Aber "Zu viel Sam Rockwell" klingt großartig und ist für mich jetzt ein feststehendes Filmbewertungs-Attribut. Weiß genau, was Du meinst.
Wie schade, dass er Dir missfiel. Ich habe mich schon gefreut. See you on DVD, Moon.
Batzman: moviepilot / Fünf Filmfreunde
Kommentar löschenMoon ist hübsch gedreht und von Sam Rockwell in Doppelrolle hervorragend gespielt. Auch Kevin Spacey als Stimme von HALs freundlichem Bruder ist passend und sorgt für amüsante Momente. Das große Problem dieses Films der als "intelligent SciFi" verkauft wird, ist seine völlige Überraschungslosigkeit und die unnötig gedehnte Erzählweise. Moon ist mal wieder einer jener Filme, die eine großartige 25min Twilight Zone-Folge abgäben, ihre Idee aber leider unnötigerweise auf Spielfilmlänge dehnen. Schon der Trailer verriet im wesentlichen genau worum es geht und auch der Film enthüllt sein "Geheimnis" relativ fix. Dummerweise hinken die Figuren dem Zuschauer in der Auffassungsgabe immer einige Kilometer hinterher und selbst explizit ausformuliertes, wird in ewigen Entdeckungsszenen ausführlich bestätigt.

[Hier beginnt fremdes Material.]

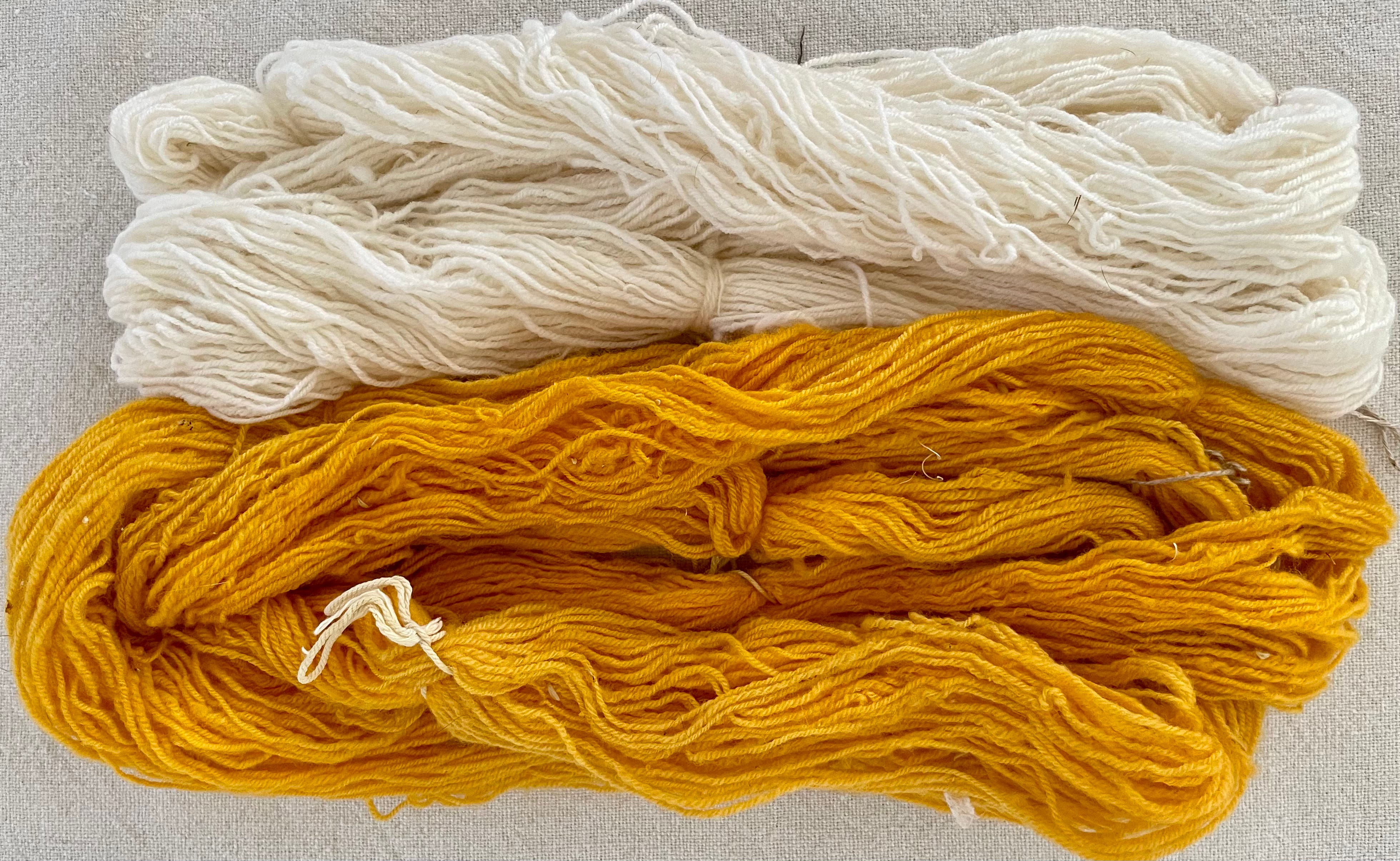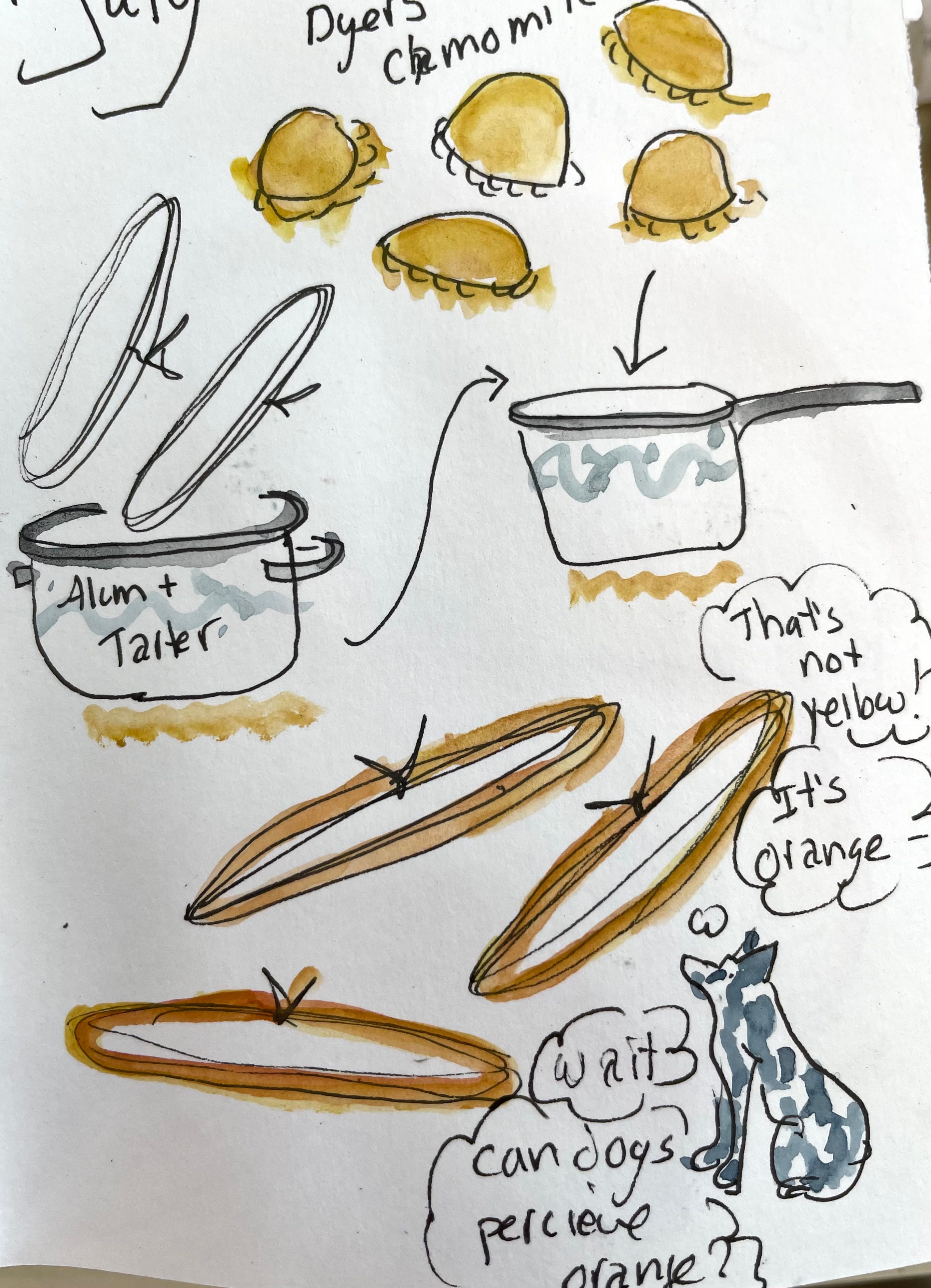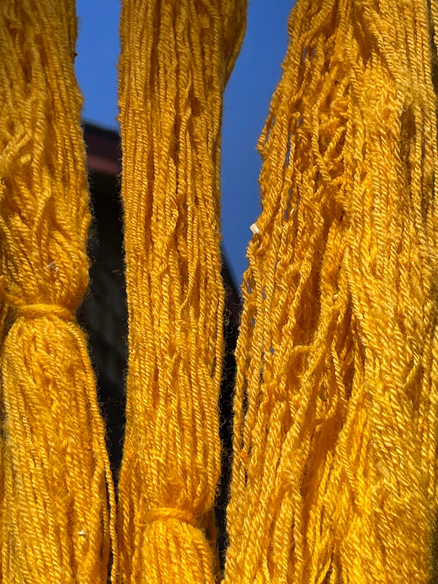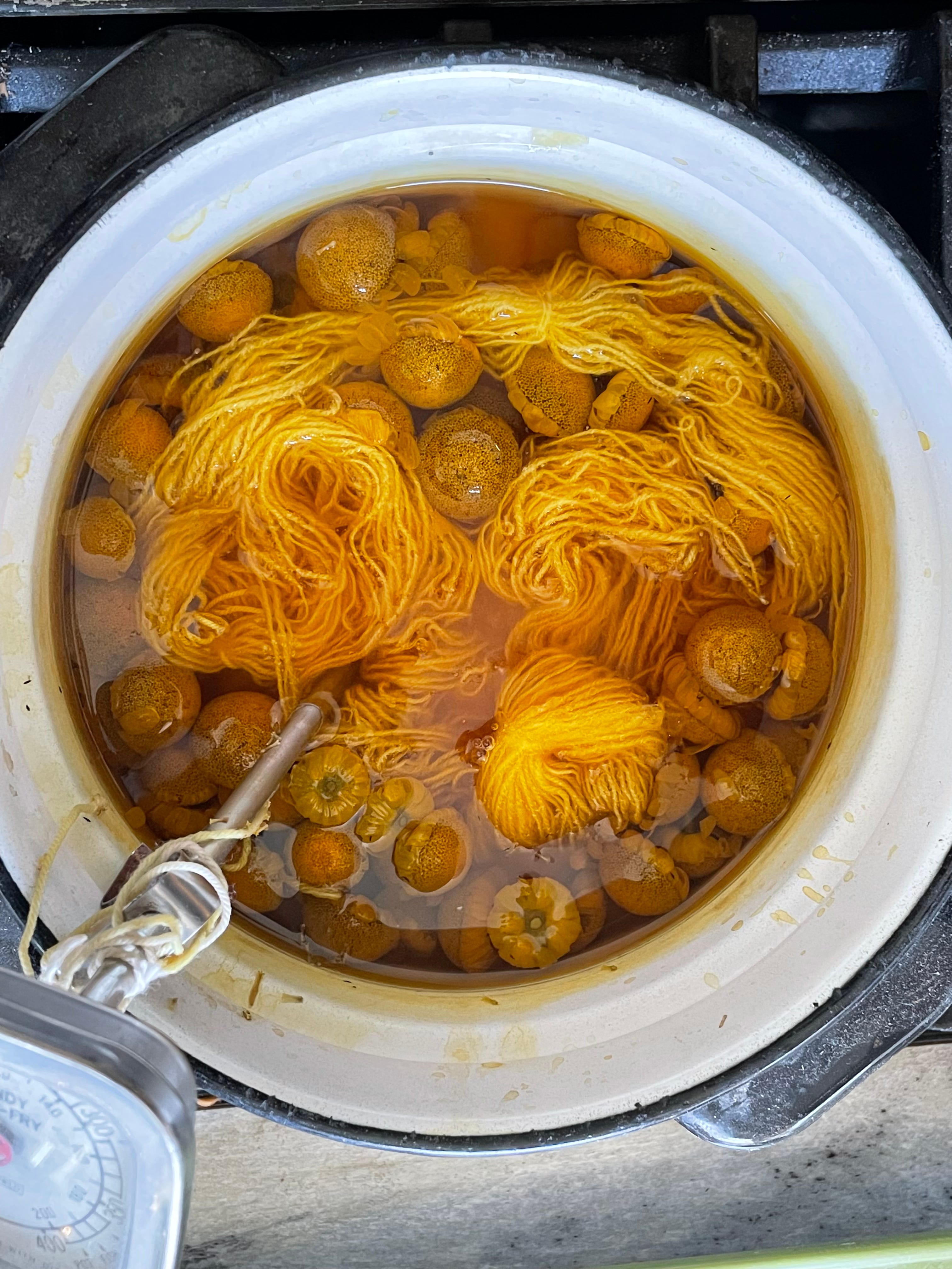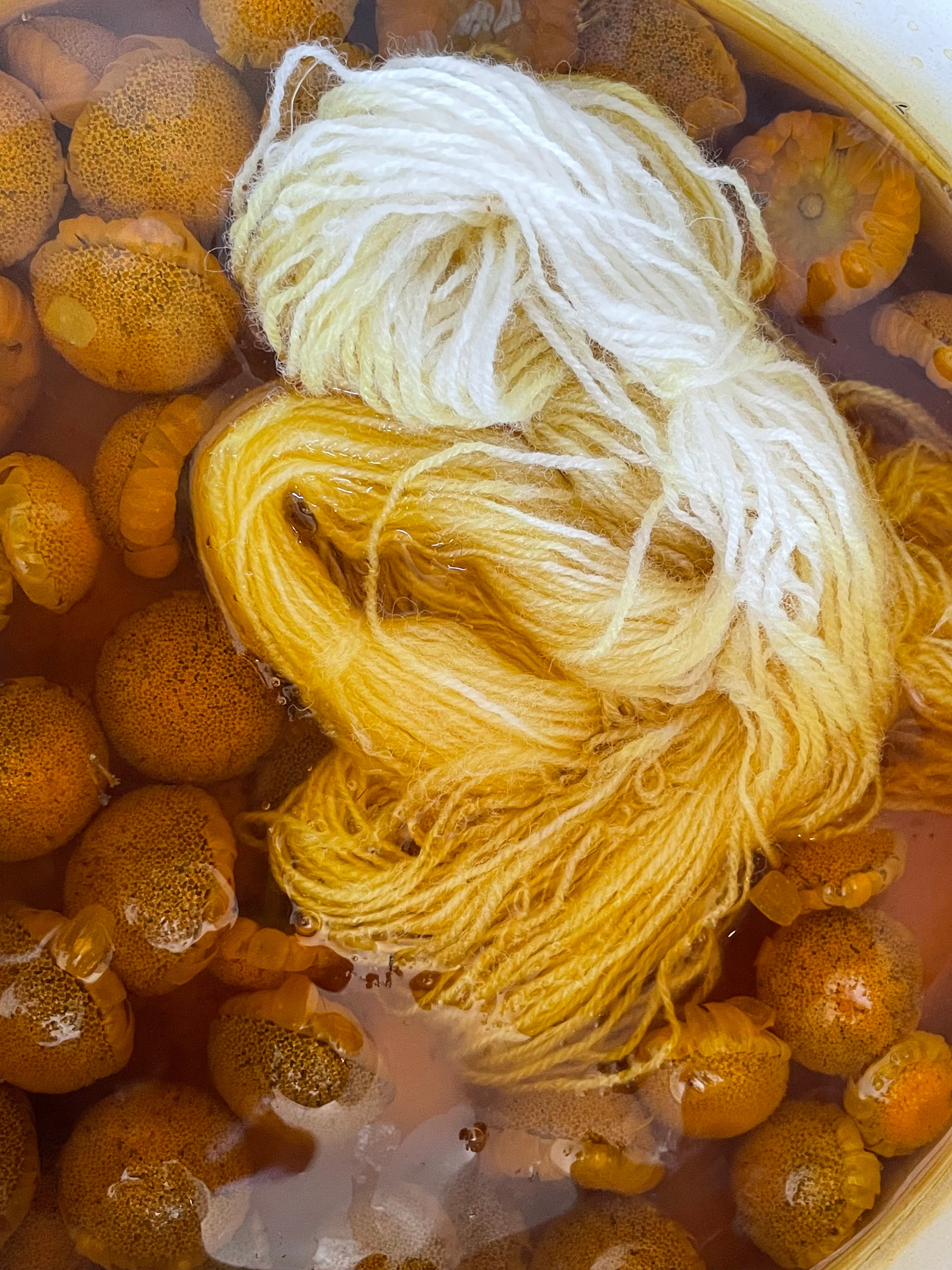 Other things? I added some baking soda to the dye bath for no reason other than that knowing a weld dyebath brightens considerably when slightly alkaline, I wondered if Dyer’s Chamomile would have the same response. It seemed to made a difference, but casual dyer that I now apparently am, I didn’t do the proper experiment and leave half baking soda free—socannot know know for sure.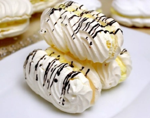 Приготовление безе: Холодные белки взбиваются с лимонной кислотой на малой скорости. Постепенно увеличивайте скорость и добавляйте сахар порциями. Взбивайте до достижения очень плотных, устойчивых пиков.Формирование заготовок: С помощью кондитерского мешка отсаживайте безе на противень с пергаментом. Количество заготовок должно быть четным для последующего склеивания.Сушка безе: Сушите в разогретой духовке при температуре 100°C в течение 1–1,5 часов, пока они не станут полностью сухими и легкими. После этого оставьте остывать в выключенной духовке.Приготовление крема: В сотейнике соедините молоко, желток и сахар. Доведите до кипения на медленном огне и варите 5–7 минут до загустения. Остудите получившийся сироп.Сборка пирожных: Взбейте мягкое сливочное масло до пышности, постепенно добавляя остывший сироп. Если хотите, добавьте коньяк в конце. Склейте половинки безе кремом. Не забудьте украсить готовые пирожные растопленным шоколадом!

Das ganze wirkt als würde "The Usual Suspects" nach der finalen Enthüllung noch ewig weitergehen und die Polizisten noch ewig weitere Beweise daüfr finden lassen, das Verbal Keyser Soze ist. Moon ist hübsch ausgestattet (sieht für sein mageres Budget sehr gut aus) und hat ein paar schicke Ideen. Der über Smileys kommunizierende Roboter ist drollig, aber das alles hilft nicht über derbe Logiklöcher hinweg und die Tatsache des weder im Innenleben noch in der moralischen Aufarbeitung der Klon/Identitäts/Menschlichkeitsfrage irgendwas wirklich interessantes oder relevantes herausgearbeitet wird. Als Kurzfilm wäre Moon ein Highlight, auf voller Länge geht ihm leider noch früher die Luft aus, als dem Protagonisten.
Und wenn das heutzutage schon "Thinking Mans SciFi" ist, dann spricht das eher gegen unsere Zeit, als für den Film.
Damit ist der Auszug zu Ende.